The upside though is we can now call it iteratively simply by doing this:
while(parser.read()) { ... }
Each call to read()
executes a step of the parse. The general idea is we set up the state machine so that read()
will return true
until there is no more data to be read.
That's parsing, but before we even get that far, we need a way to manage a streaming cursor. Previously, LexContext
wrapped things like TextReader
or an IEnumerable<char>
source. Now however, we simply wrap the Arduino Stream
class since it's derived by the File
class and the WiFiClient
class for example.
The LexContext
provides facilities for doing basic operations over a streaming source like capturing the current character under the cursor, advancing along the input, reading and skipping whitespace, or reading or skipping until a certain character is encountered. When we create one, we instantiate it with a fixed length buffer to use for capture data. This buffer should be the length of the maximum amount of data anticipated to be worked with at once. For JSON data, this might be the length of a field name or scalar value.

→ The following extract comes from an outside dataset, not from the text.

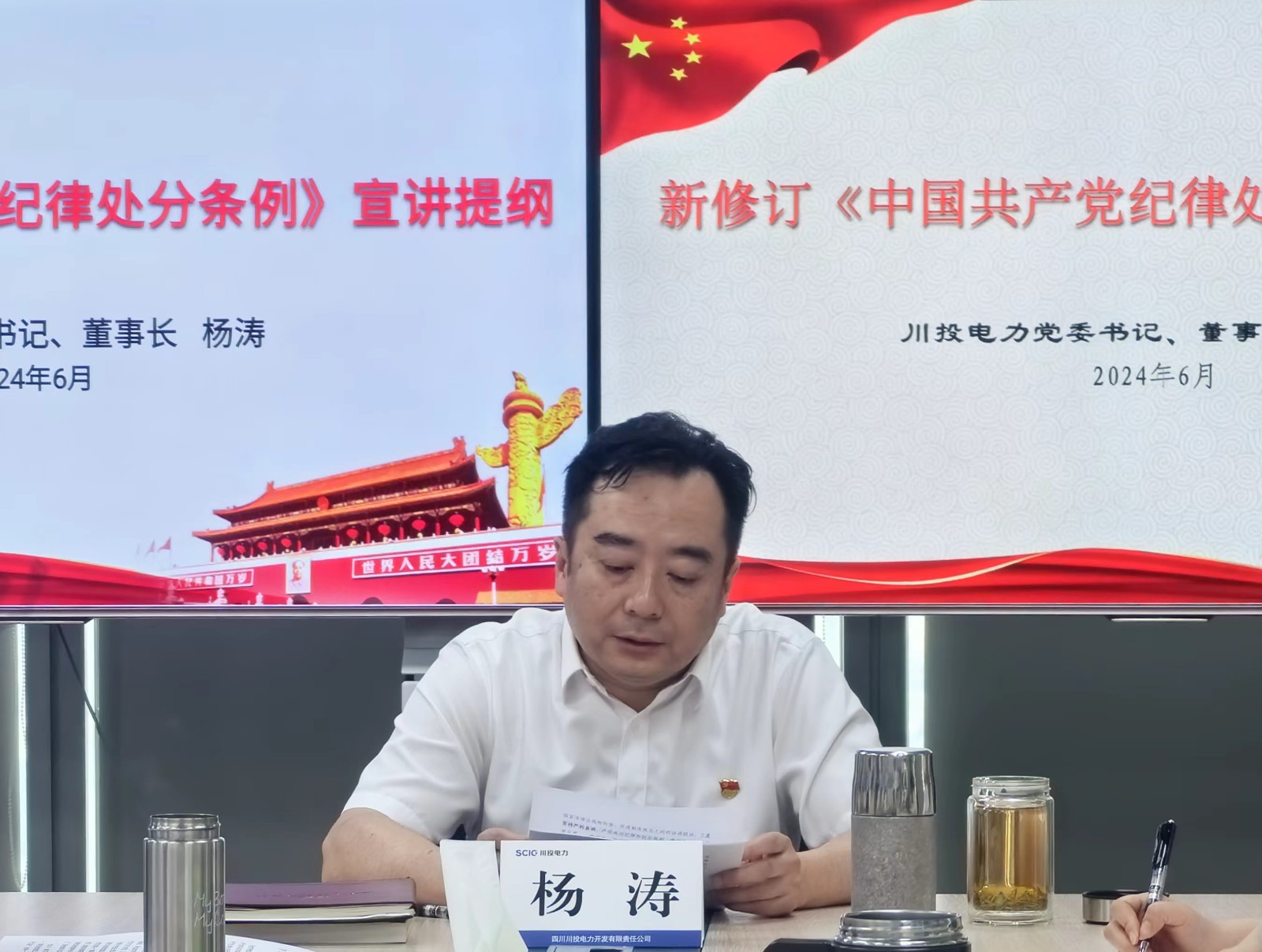 為深入貫徹落實(shí)習(xí)近平總書記關(guān)于黨的自我革命的重要思想,引導(dǎo)黨員干部職工增強(qiáng)紀(jì)律意識(shí),強(qiáng)化思想武裝,提升黨紀(jì)學(xué)習(xí)教育成效,按照川投電力黨委關(guān)于開(kāi)展黨紀(jì)學(xué)習(xí)教育的工作安排,6月24日上午,川投電力黨委書記、董事長(zhǎng)楊濤講授黨紀(jì)學(xué)習(xí)教育紀(jì)律黨課。川投電力黨委委員、紀(jì)委書記謝麗主持會(huì)議。

A parser can then use this to manage its input while parsing.
Coding this Mess
To set this up, wire an SD card reader into your 32 bit device's primary SPI port and primary CS/SS. Copy the included data.json file to the root directory of an SD card formatted Fat32 and then you can run the demo.
LexContext
LexContext works such that current()
always retrieves the current character under the cursor, while advance()
moves to the next position and returns that character. capture()
captures a character to the buffer and captureBuffer()
gives us a string from that buffer. line()
, column()
and position()
track our cursor's location. We start by declaring it with a capture buffer size:
LexContext<1024> lc;
Here's an example of using it to read from the serial port until a non-digit is encountered:
while (LexContext<1024>::EndOfInput != lc.advance() && isdigit((char)lc.current())) {
Serial.print((char)lc.current());
}
Serial.println();
Above, we're initializing it with Serial
as the input source. We then advance, and check the character to see if it's not an end of input marker and then if it's a digit. If it is, we print it and keep going. Keep in mind we advance before doing anything else. The cursor must be primed by advancing once first initialized. If your routine needs to ensure this happened but doesn't know already, you can call ensureStarted()
.
The API is essentially the same as the C# API with casing style changed to fit. Please see that article for more details. The main difference is initializing it with the amount of capture, and then calling begin()
with the input source. Keep in mind that unlike the C# API, there is no corresponding close()
mechanism here. The input source must be closed when finished from outside this class, due to the differences in underlying architecture.
JsonReader
Now that we've seen our cursor management, let's come back around to the JSON parsing. Using pull parsers is very efficient but takes some getting used to. We saw above that we read partial parses in a loop until there's no more data. Well inside that loop is where the interesting things happen.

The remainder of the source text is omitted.